Dacomitinib (dacomitinib) drug instructions and precautions for use

Dacomitinib (also known as dacomitinib, English name: Dacomitinib) is a second-generation EGFRtyrosine kinase inhibitor (EGFR-TKI), developed by Pfizer, is mainly used to treat patients with non-small cell lung cancer (NSCLC) who have epidermal growth factor receptor (EGFR) sensitive mutations. Its unique irreversible binding mechanism and high affinity to multiple HER family members enable it to demonstrate superior efficacy in certain EGFR mutant lung cancers. The following is a detailed introduction to the contents of the dacomitinib package insert and precautions for use for the reference of clinicians and patients.

1. Basic drug information

Common name: Dacomitinib (Dacomitinib)

Product name: VIZIMPRO (VIZIMPRO)

Indications:

Dacomitinib is suitable for the first-line treatment of patients with locally advanced or metastatic non-small cell lung cancer (NSCLC) positive for EGFR gene-sensitive mutations (such as Exon 19 deletions or L858R mutations).

Dosage forms and specifications:

At present, the common dosage forms in China are oral tablets. The main specifications include 15mg, 30mg and 45mg. Each box is commonly packed with 30 tablets.

2. Recommended usage and dosage

Recommended dose: The standard recommended starting dose of dacomitinib is 45 mg once daily, taken orally continuously without interruption. The medicine should be swallowed whole, before or after meals.

Dosage adjustment:

If the patient experiences serious adverse reactions (such as rash, diarrhea, or abnormal liver function, etc.) during treatment, the dose may need to be adjusted according to the guidance of the doctor. The common adjusted dose is 30mg or 15mg. If it is necessary to suspend medication, the decision on whether to resume treatment and resume dosage should be based on disease assessment.

3. Pharmacological mechanism and characteristics

Dacomitinib belongs to the second generationEGFR-TKI. Compared with the first generation drugs (such as gefitinib and erlotinib), it has the following advantages:

Irreversible binding: Dacomitinib can irreversibly bind to EGFR, HER2 and HER4 and other HER family receptors, thereby continuously inhibiting signaling pathways and delaying the occurrence of drug resistance;

Covering a variety of mutations: It also has a certain inhibitory effect on some uncommonEGFR mutations;

ExtendedPFS:ARCHER 1050Clinical studies have shown that dacomitinib can significantly extend the progression-free survival (PFS) and overall survival (OS) of patients with first-line treatment of EGFRmutatedNSCLC.

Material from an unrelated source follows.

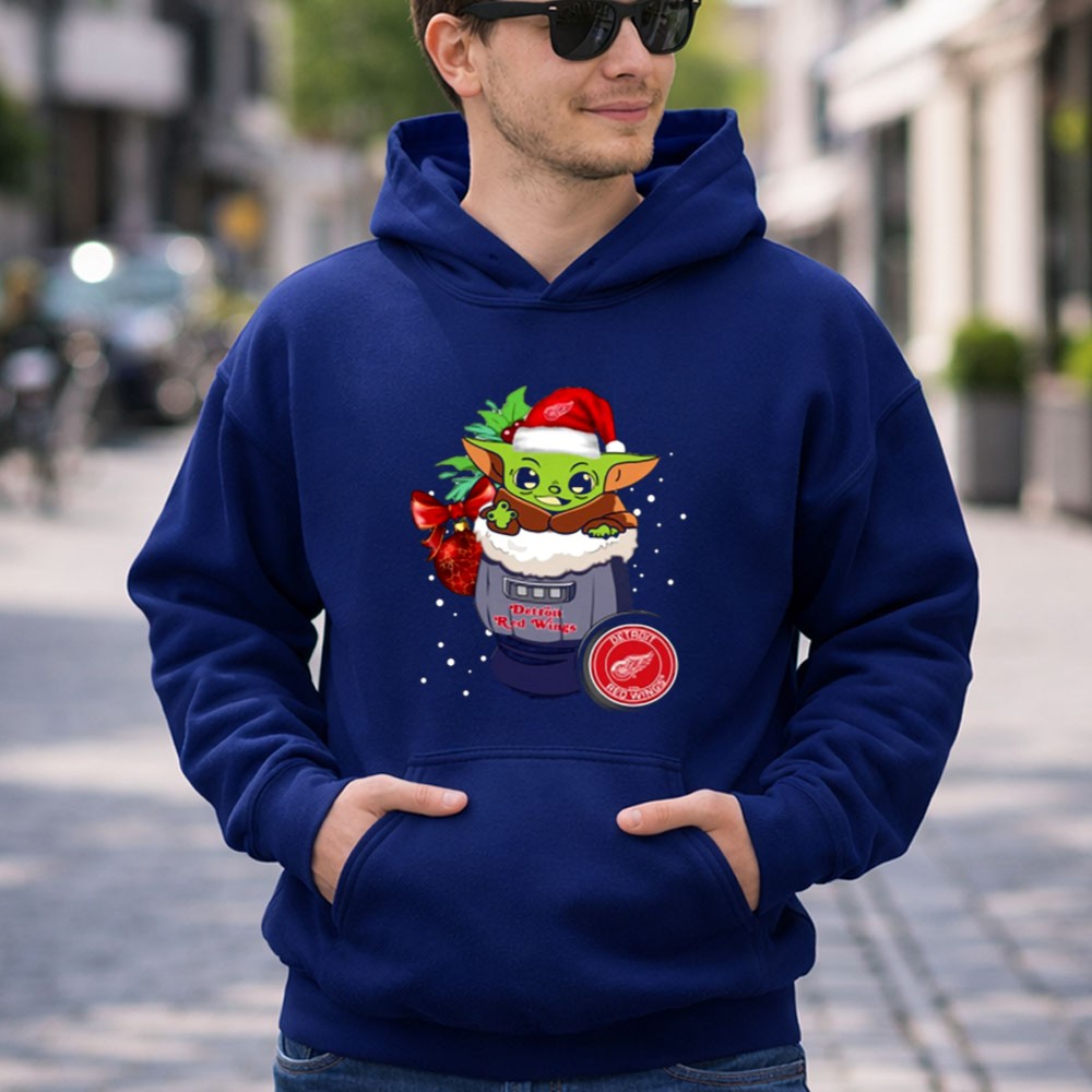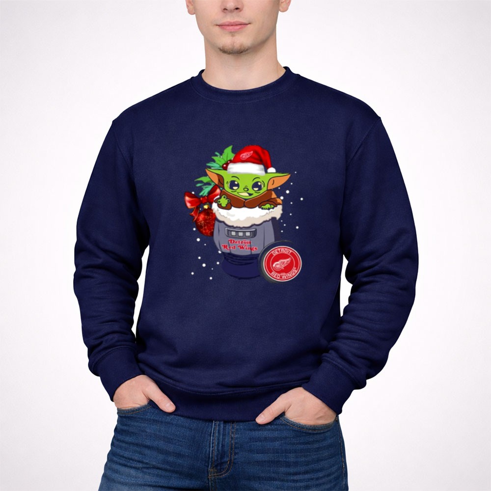 This playful design captures the essence of holiday joy by merging the iconic Baby Yoda with the Detroit Red Wings logo. It symbolizes the warmth of community and shared passions, making it a delightful addition to your festive wardrobe. With its whimsical cartoon style, this shirt brings a lighthearted spirit to game days and holiday gatherings alike.

4. Common adverse reactions and coping methods

Dacomitinib has relatively many adverse reactions, especially in the skin and gastrointestinal tract. The following are common side effects and treatment suggestions:

Skin rash: It is common on the face, chest and back and other parts of the body. It usually appears within 2-3 weeks after taking the medication. It is recommended to use low-intensity topical steroid ointments or oral antihistamines; in severe cases, suspension or reduction of dosage should be considered.

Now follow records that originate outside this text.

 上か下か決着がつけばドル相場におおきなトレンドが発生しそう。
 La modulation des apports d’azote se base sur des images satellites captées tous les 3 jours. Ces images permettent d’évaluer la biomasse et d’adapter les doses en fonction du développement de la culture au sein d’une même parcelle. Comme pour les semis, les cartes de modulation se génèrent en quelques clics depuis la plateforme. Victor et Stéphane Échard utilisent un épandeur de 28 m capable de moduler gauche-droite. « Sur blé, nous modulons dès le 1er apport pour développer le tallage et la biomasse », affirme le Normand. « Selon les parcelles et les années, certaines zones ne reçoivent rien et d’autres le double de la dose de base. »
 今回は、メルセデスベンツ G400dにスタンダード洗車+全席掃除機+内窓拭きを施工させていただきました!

Diarrhea: It is one of the most common adverse reactions. It is recommended to use antidiarrheal drugs such as loperamide; electrolytes and kidney function need to be monitored in case of massive diarrhea.

Oral mucositis: Symptoms of pain or ulcers in the mouth that can be relieved with gargles or topical analgesics.

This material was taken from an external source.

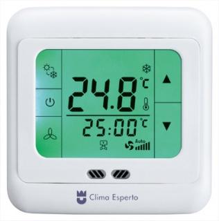 Функции: вкл./выкл., регулятор скорости вентилятора в автоматическом или ручном режиме, управление 3-х ходовым клапаном, термостат, режим охлаждение-обогрев.

Abnormal liver function: Liver enzyme indicators should be monitored regularly, and the dosage should be reduced or suspended if necessary.

Paronychia and dry skin: Keep the skin clean and dry and avoid scratching and unnecessary irritation.

5. Pay attention to medication for special groups of people

Patients with impaired liver and renal function: Patients with mild liver and renal dysfunction usually do not need to adjust the dose, but patients with moderate to severe impairment should use it with caution, and it is recommended that the dose be individualized under the guidance of a doctor.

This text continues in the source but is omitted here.